Bundesliga: Referee Brych dislikes “swarm of bees” on the pitch

Referee Brych dislikes “swarm of bees” on the pitch

Referee Felix Brych complains about negative tendencies in dealings on the pitch. photo

© Soeren Stache/dpa

Aggressive players or complaining coaches? Germany’s referees want to “consistently punish” unsportsmanlike conduct. Referee boss Fröhlich points to a role model function.

The German top referee Felix Brych has identified negative tendencies in cooperation on the pitch.

“I do think that there are new behaviors on the part of the players who surround the referee like a swarm of bees after decisions and try to push him into the review area,” said the 47-year-old of the German Press Agency. “We discussed that during the winter break. We decided that we don’t want to accept such unsportsmanlike behavior. We’ll pay more attention to that again – and will also sanction it.”
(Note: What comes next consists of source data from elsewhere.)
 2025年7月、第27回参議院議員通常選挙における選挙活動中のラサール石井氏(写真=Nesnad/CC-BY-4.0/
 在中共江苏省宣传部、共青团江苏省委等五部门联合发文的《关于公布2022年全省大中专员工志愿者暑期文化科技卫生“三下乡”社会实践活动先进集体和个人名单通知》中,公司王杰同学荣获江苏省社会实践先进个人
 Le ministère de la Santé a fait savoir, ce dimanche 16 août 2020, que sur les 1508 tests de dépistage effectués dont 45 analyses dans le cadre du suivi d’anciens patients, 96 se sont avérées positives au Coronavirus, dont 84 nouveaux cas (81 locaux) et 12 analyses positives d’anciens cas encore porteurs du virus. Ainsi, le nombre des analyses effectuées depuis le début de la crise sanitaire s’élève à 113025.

Recently, two coaches had also been sent off. Mainz coach Bo Svensson saw the red card in the cup defeat against FC Bayern. For Freiburg coach Christian Streich, the league defeat in Dortmund was yellow and red. “Coaching behavior also falls under the category of unsportsmanlike conduct. We noticed that unsportsmanlike conduct has increased in this area as well, that the behavior towards us referees has become a bit more demanding or aggressive. We also want to consistently punish such unsportsmanlike conduct,” said Brych.

Appeal from Fröhlich

DFB referee boss Lutz Michael Fröhlich pointed out that the coaches and referees worked well together. “Overall, the relationship is right. There are reactions, followed by consistent counter-reactions. The person concerned then has to live with that. That shouldn’t be anything earth-shattering,” said Fröhlich of the German Press Agency.
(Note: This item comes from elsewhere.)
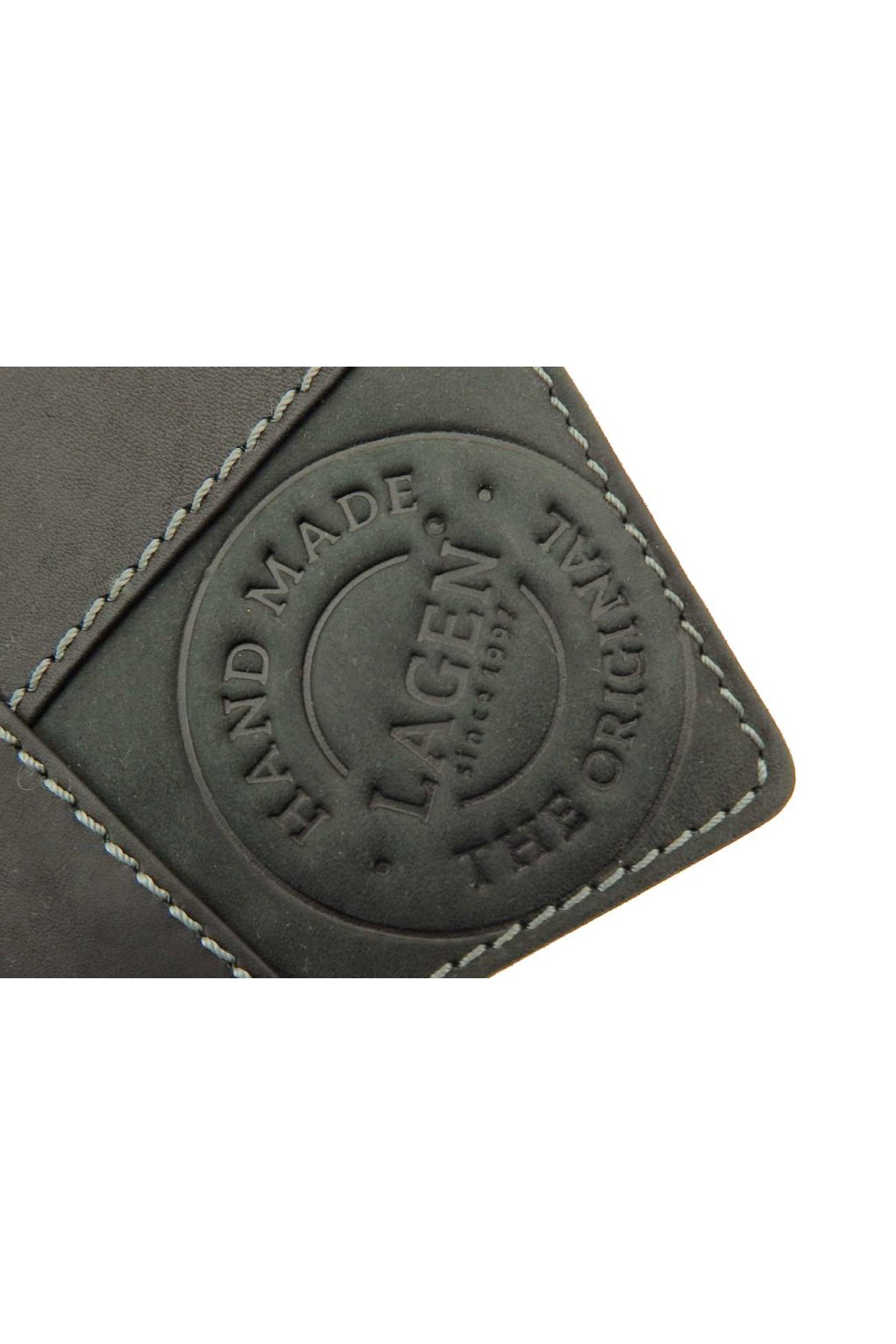 Pánská kožená peněženka elegantního vzhledu z kolekce LAGEN v černé barvě s logem firmy na čelní straně. Peněženka má dostatečný velký prostor na mince, dvě prostorné kapsy na bankovky, a organizér na 10 ks kreditních a klubových karet, které jdou k sobě připnout zápinkou.

“Conflicts can certainly arise from emotionality during the course of the game. But if the emotionality spills over into personal disparagement, then you also have to accept that the appropriate measures are taken by the referee,” said Fröhlich. In the most recent cases, those involved would have cleared things up afterwards. “It would only be important if a general rethinking process were to start that such behavior is simply not appropriate,” said Fröhlich on the sidelines of an event organized by the Association of German Sports Journalists in Munich.
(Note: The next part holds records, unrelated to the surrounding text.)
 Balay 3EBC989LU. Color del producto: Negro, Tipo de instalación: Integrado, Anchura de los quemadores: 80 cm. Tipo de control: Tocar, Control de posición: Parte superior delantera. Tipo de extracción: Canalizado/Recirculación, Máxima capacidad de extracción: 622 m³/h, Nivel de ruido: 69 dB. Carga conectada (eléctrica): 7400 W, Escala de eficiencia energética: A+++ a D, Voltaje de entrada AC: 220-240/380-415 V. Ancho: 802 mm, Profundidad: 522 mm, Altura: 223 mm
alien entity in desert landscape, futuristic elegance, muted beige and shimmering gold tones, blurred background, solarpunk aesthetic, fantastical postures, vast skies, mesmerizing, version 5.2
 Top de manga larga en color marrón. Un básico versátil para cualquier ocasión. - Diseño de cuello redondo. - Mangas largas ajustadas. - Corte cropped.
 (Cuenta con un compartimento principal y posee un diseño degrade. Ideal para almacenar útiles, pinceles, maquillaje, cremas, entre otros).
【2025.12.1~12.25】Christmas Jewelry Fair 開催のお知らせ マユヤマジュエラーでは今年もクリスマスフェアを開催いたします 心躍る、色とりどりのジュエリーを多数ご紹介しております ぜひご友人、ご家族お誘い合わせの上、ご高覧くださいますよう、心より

The 65-year-old pointed out possible effects on another level. “Of course, incidents from professional football always rub off. There is a role model effect, which results in imitation. In the most recent cases in the Bundesliga, the referees have reacted consistently to negative behavior,” said Fröhlich. “Regardless of the consistent interpretation of the rules in the game, a clarifying conversation with an exchange of perspectives between the referees and those affected is always helpful.”